• [Problem to work on]: What is needed is an exact copy of the records below, with the pictures left out.

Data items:
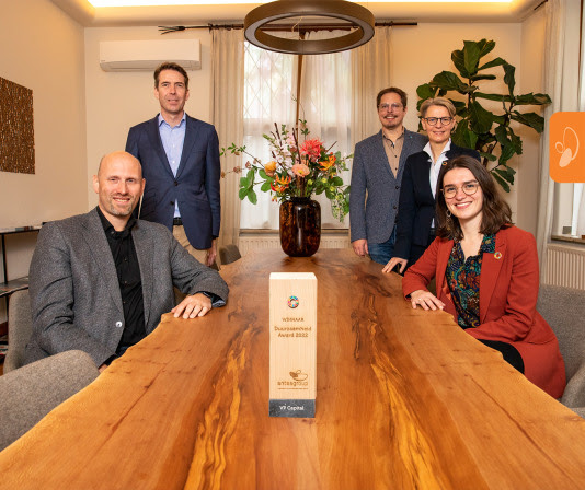 Met VP Capital kent de award een eerste winnaar van formaat. De investeringsmaatschappij van de Belgisch-Nederlandse familie Van Puijenbroek, groot geworden in de werkkledingindustrie, geldt als vaandeldrager van het duurzaam investeren. VP Capital is een Carbon Neutral Company, recent B Corp gecertificeerd en heeft zich – net als Antea Group – gecommitteerd aan het Science Based Targets-initiatief. Het family-office beheert inmiddels een brede portefeuille met investeringen in bedrijven als Batenburg Techniek, Aquaporin, Accsys Technologies en diverse impactfondsen. VP Capital heeft zich ten doel gesteld om de volledige portefeuille te verduurzamen.
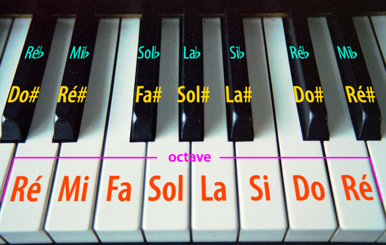 - Octave, nom des notes, touches blanches et noire d'un clavier de piano Octave, notes names, black and white keys of a piano keyboard
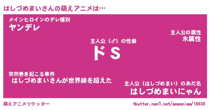 | 男性向けラノベタイトル風あだ名 | 『はしづめまいの憂鬱』 |
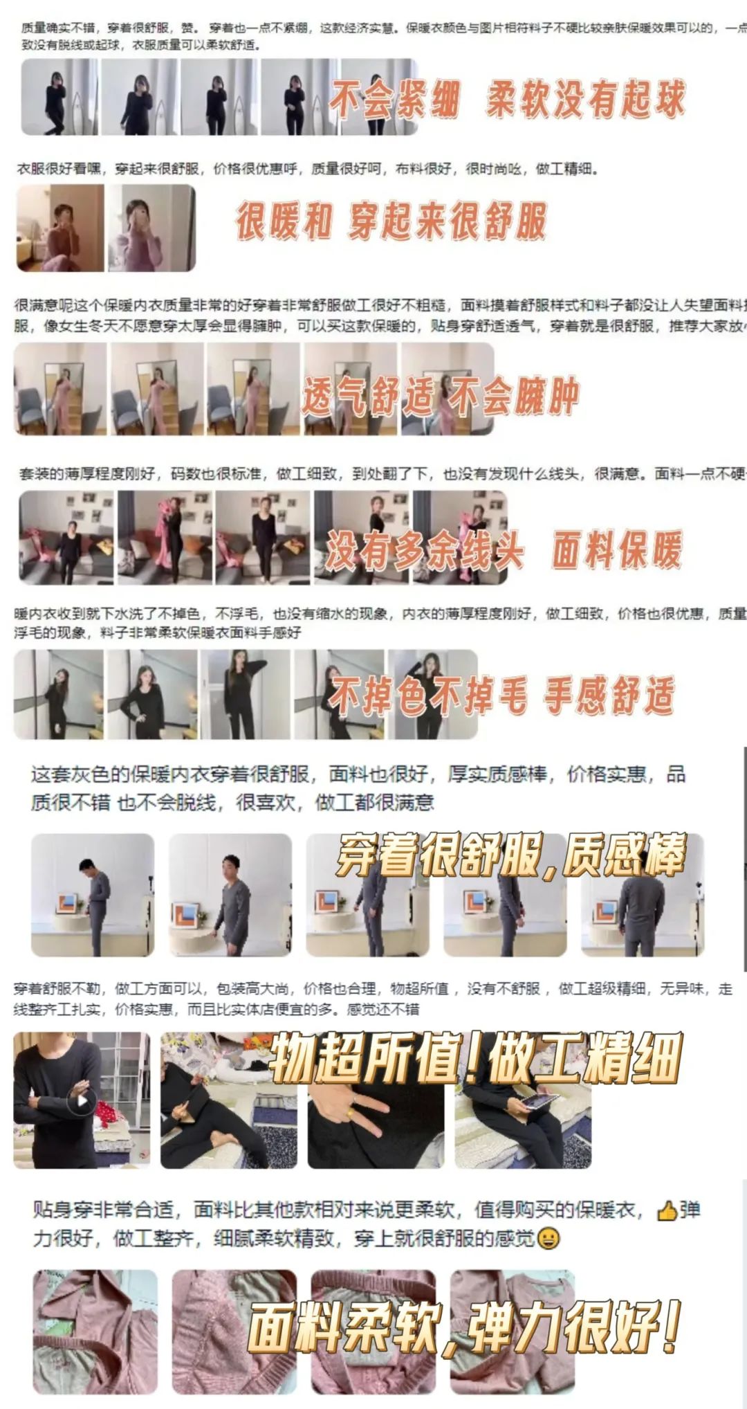 随手一截就是好评,被亲肤保暖、轻便柔软、上身舒适等刷屏了。
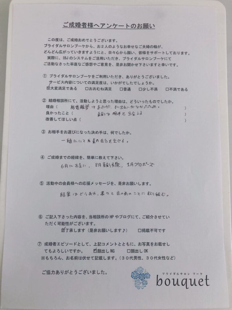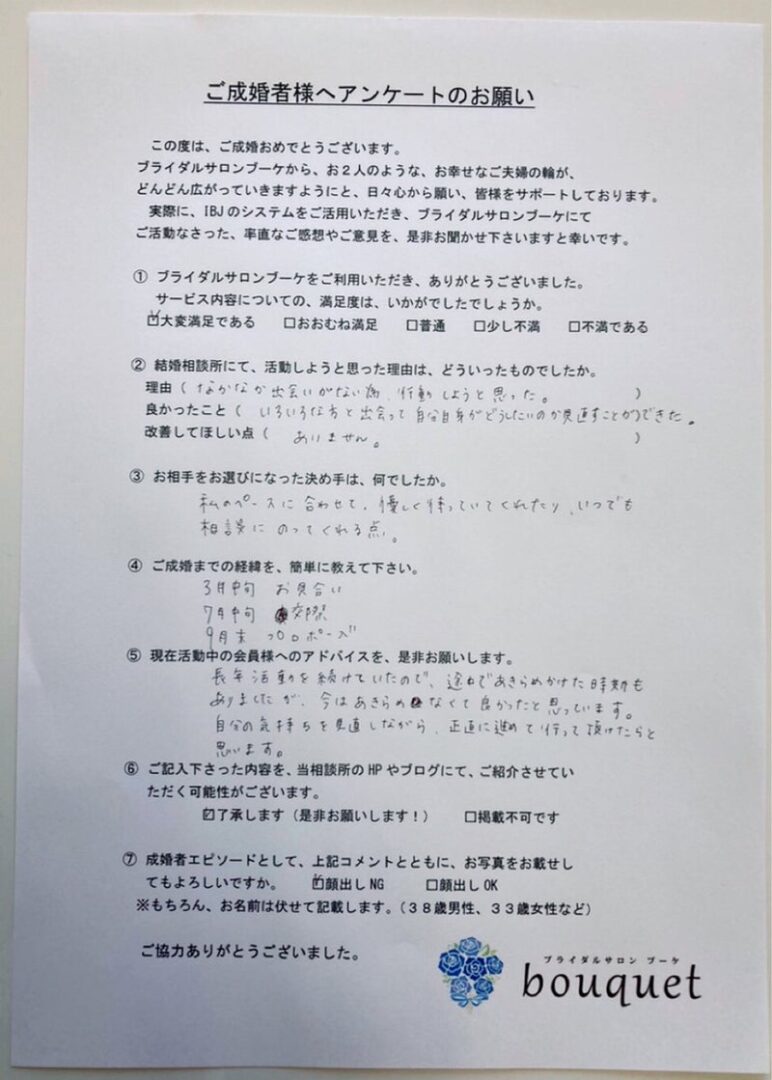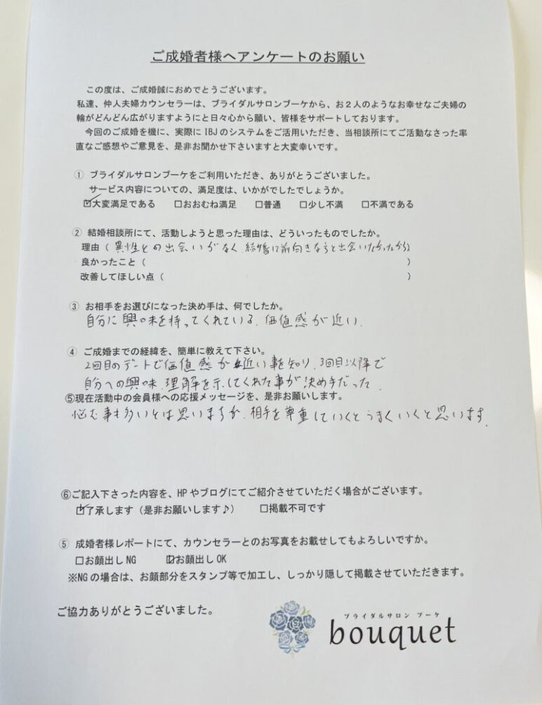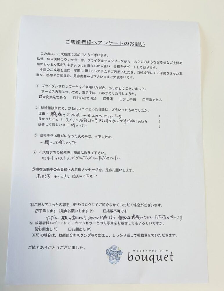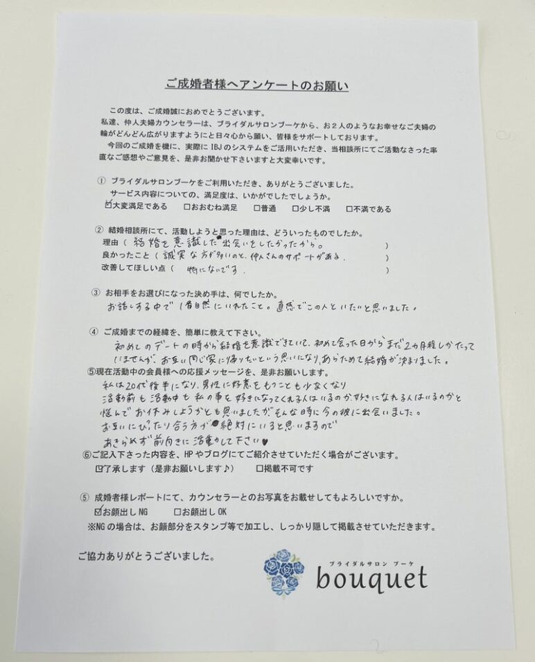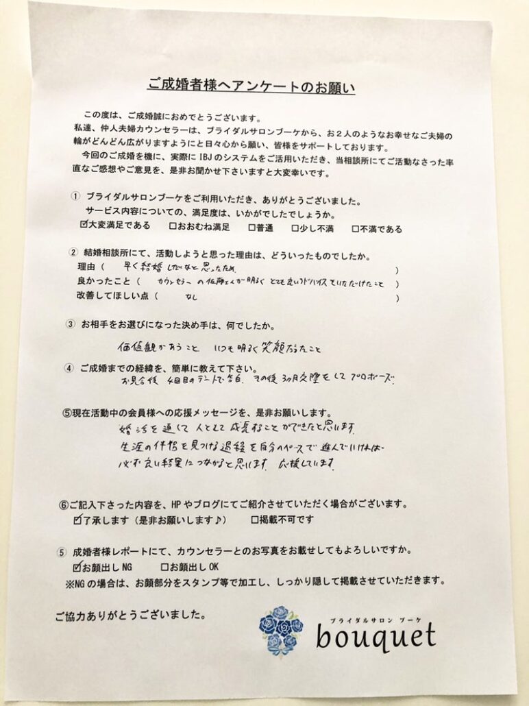 名古屋の結婚相談所ブライダルサロンbouquetでご成婚された会員様の手書きアンケートをご紹介します

• [Solved problem]:
 Met VP Capital kent de award een eerste winnaar van formaat. De investeringsmaatschappij van de Belgisch-Nederlandse familie Van Puijenbroek, groot geworden in de werkkledingindustrie, geldt als vaandeldrager van het duurzaam investeren. VP Capital is een Carbon Neutral Company, recent B Corp gecertificeerd en heeft zich – net als Antea Group – gecommitteerd aan het Science Based Targets-initiatief. Het family-office beheert inmiddels een brede portefeuille met investeringen in bedrijven als Batenburg Techniek, Aquaporin, Accsys Technologies en diverse impactfondsen. VP Capital heeft zich ten doel gesteld om de volledige portefeuille te verduurzamen.
 - Octave, nom des notes, touches blanches et noire d'un clavier de piano Octave, notes names, black and white keys of a piano keyboard
 | 男性向けラノベタイトル風あだ名 | 『はしづめまいの憂鬱』 |
 随手一截就是好评,被亲肤保暖、轻便柔软、上身舒适等刷屏了。
 名古屋の結婚相談所ブライダルサロンbouquetでご成婚された会員様の手書きアンケートをご紹介します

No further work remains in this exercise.